Isaiah 26:1 In that day they shall sing this song in the land of Judah; Behold a strong city; and He shall make salvation its wall and bulwark. 2 Open the gates, let the nation enter that keeps righteousness, and keeps truth, 3 supporting truth, and keeping peace; for on You, O Lord, 4 they have trusted with confidence forever, the great, eternal God; 5 who has humbled and brought down them that dwell on high; You shall cast down strong cities, and bring them to the ground. 6 And the feet of the meek and lowly shall trample them. (CAB {1}, LXE)

A Song of the Redeemed

How does the reader know that this passage in Isaiah is a song of the redeemed? Before the details, I present two “housekeeping” points. First, this post for the most part follows the Septuagint translation. Second, I’ll present verse 7  in a following section, rather than this.

I. “A Strong City”–What City?

A. What clues does the text provide concerning the nature of this city?

1. “In that day” (v 1). The song opens with the phrase, “In that day.” What day is this? This is the day Israel had waited for since Moses’s bold announcement that God would send another prophet like Moses.

Deuteronomy 18:15 The LORD your God will raise up for you a prophet like me from among you– from your fellow Israelites; you must listen to him. (NET)

Mark 9:7 And a cloud overshadowed them, and a voice came out of the cloud, “This is my beloved Son; listen to him.” (ESV)

2. “The land of Judah”(v 1).  Israel’s Messiah came from the tribe of Judah.

3. “Salvation its wall and bulwark” (v 1). The reader finds here a poetic image. It seems entirely difficult to picture a concrete wall and outer wall constructed of “salvation.” The Greek text uses the adjective “our,” which Brenton (LXE above) does not include. The Orthodox Study Bible writes, “He [God] will make our salvation its surrounding wall.” The New English Translation of the Septuagint writes, “He will make our salvation its wall and outer wall.” This abstract, metaphoric description implies that only the “saved” will enter the city. Further, all those who live inside the “strong city” will be protected from harm by their “salvation.”

Luke 19:10 For the Son of Man came to seek and to save the lost.” (ESV)

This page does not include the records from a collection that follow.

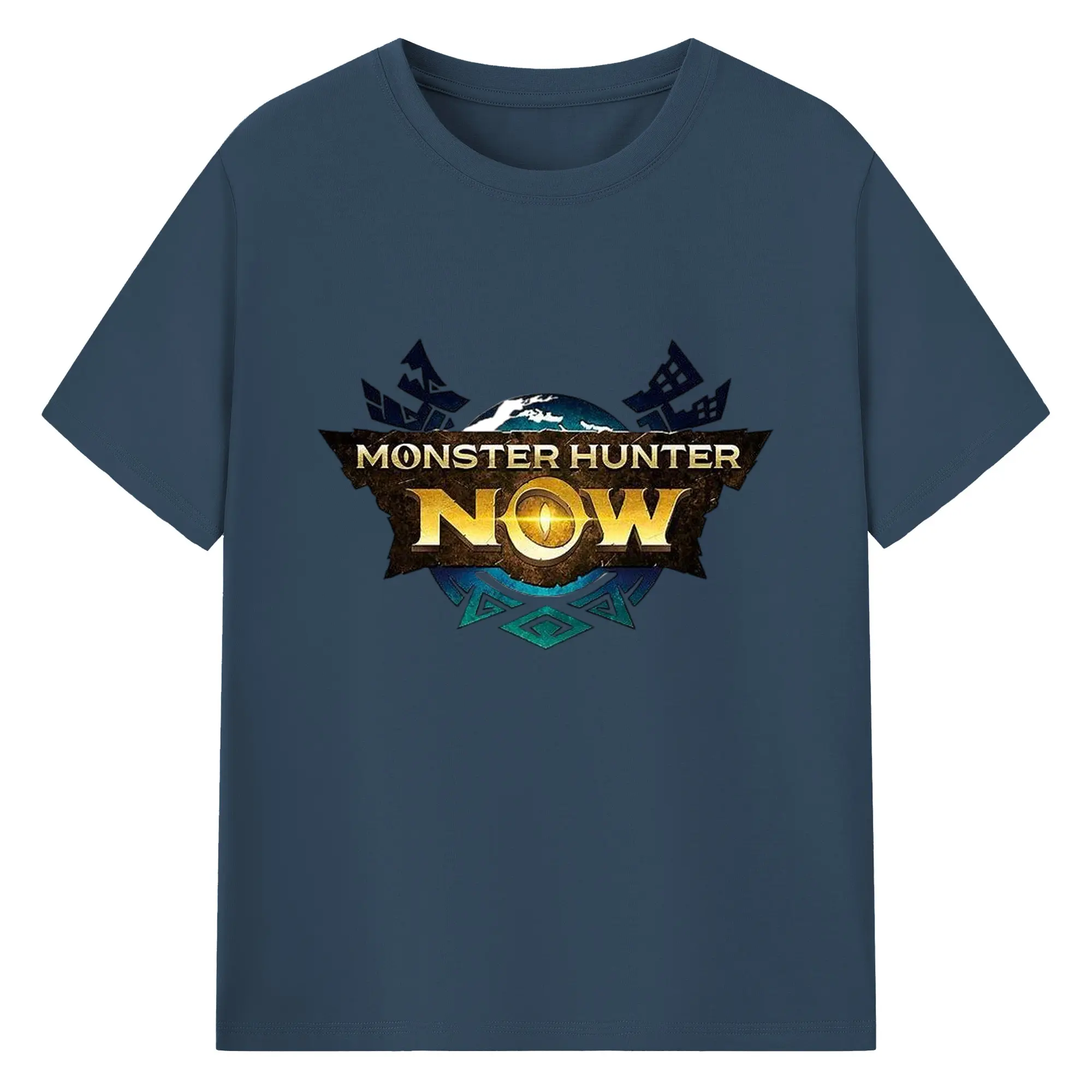 モンハンモンハン シンプルロゴ - 綿100% ヴィンテージ風 半袖Tシャツ ・ フロントプリント ・ 柔らか肌触り ・ 通気性 快適 ・ スポーツ カジュアル 外出用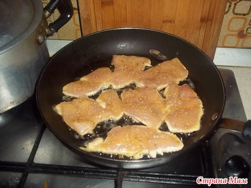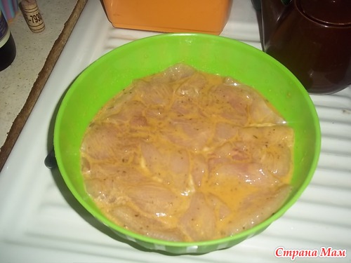 Курочку ( у меня филе ) лучше всего замариновать заранее, она вся пропитается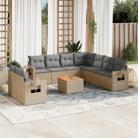 Salon de jardin avec coussins 10 pcs beige resine tressee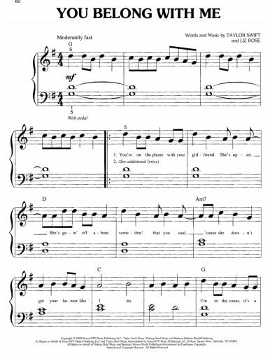 Taylor Swift - You Belong With me Piano Sheet Music

John 3:17 For God did not send his Son into the world to condemn the world, but in order that the world might be saved through him. (ESV)

4. “Open the gates” (v 2). Salvation and residence in Messiah’s strong city is for everyone. “Open the gates,” beckons and invites. Like the voice of wisdom in Proverbs 1:20-21 and 8:1-3, the call is to “Come!”

5. “Open the gates; let the people enter who keep righteousness and guard the truth” (v 2).

 Matthew 5:6 “Blessed are those who hunger and thirst for righteousness, for they shall be satisfied. (ESV)

Ephesians 6:14 Stand therefore, having fastened on the belt of truth, and having put on the breastplate of righteousness, (ESV)

Notice also the unity of the people who inhabit the city in Isaiah 26:2. The song speaks not of a multitude of nations nor of people, but one “laos” (people, nation). This lines up with Paul’s teaching in Ephesians 2 and Jesus’s prayer to his father in John 17.

6. Open the gates to “the ones who have trusted…forever” (v 4). Old Testament Israel always supported a remnant, a small minority who clung to their Lord and obeyed him faithfully throughout the generations. The “strong city” will welcome these, as well as all new believers. The city will endure “forever.”

7. “The great, eternal God” (v 4). Jesus, the Messiah, is he who unites the Old and New Testaments. Throughout Old Testament Scripture, including Isaiah, references abound which use more than one name for God. Verse 4 in the Greek Septuagint (3-4 in Brenton’s translation) uses both the name “Lord” and “God.” “Lord” in Greek in the Old Testament is identical to “Lord” in the New Testament. “Lord” in the New Testament is generally used with reference to Jesus Christ. The Greek word for “God” (theos) in Isaiah 26:4 is identical to the Greek word for “God” in the New Testament.

The old (1952 and 1971) Revised Standard Version matches the old (1917) JPS (Jewish Publication Society) version:

Isaiah 26:4 Trust ye in the LORD for ever, for the LORD is GOD, an everlasting Rock. (JPS, 1917)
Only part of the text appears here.